■ **TASK GOAL**:
Your answer must be an exact copy of the data below, minus any pictures.

■ **STORED DATA**:
-- Opening Marker --
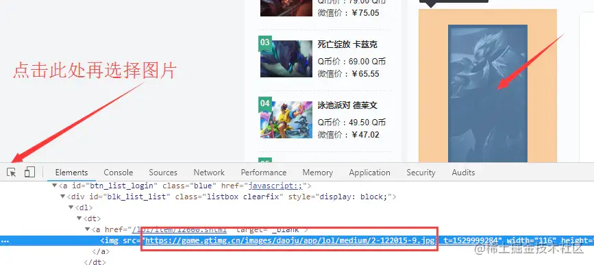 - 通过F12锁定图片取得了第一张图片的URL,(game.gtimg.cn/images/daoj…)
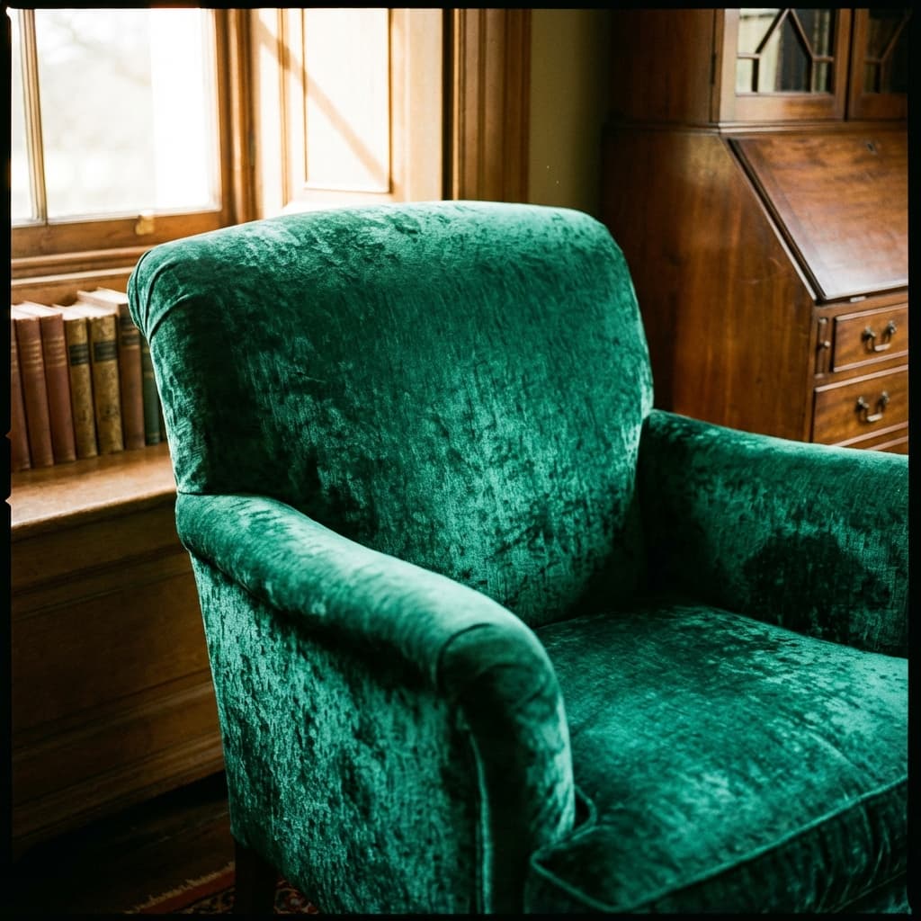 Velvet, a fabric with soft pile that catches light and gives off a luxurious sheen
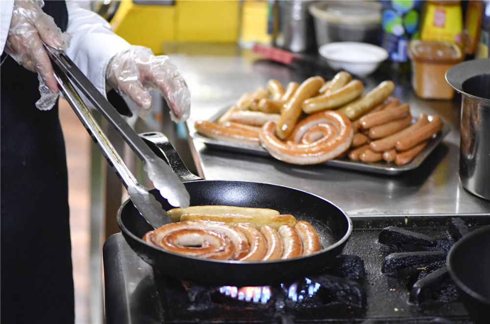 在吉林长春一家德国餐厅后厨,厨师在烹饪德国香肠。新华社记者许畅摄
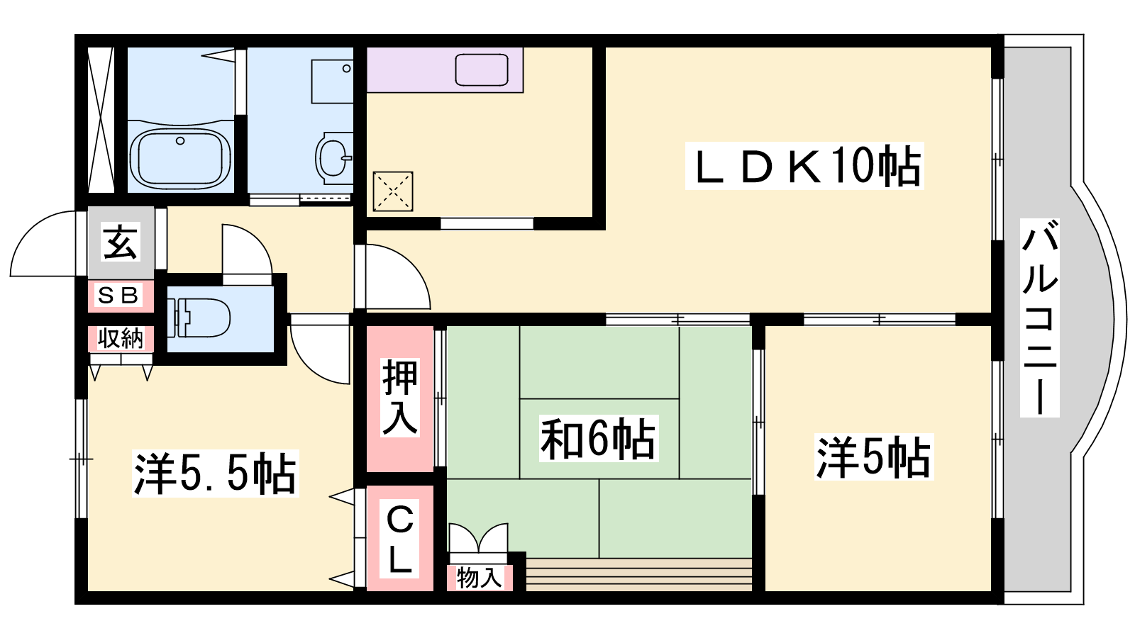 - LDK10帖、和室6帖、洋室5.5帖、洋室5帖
-- Closing Marker --
■ **ANSWER**:
 - 通过F12锁定图片取得了第一张图片的URL,(game.gtimg.cn/images/daoj…)
 Velvet, a fabric with soft pile that catches light and gives off a luxurious sheen
 在吉林长春一家德国餐厅后厨,厨师在烹饪德国香肠。新华社记者许畅摄
 - LDK10帖、和室6帖、洋室5.5帖、洋室5帖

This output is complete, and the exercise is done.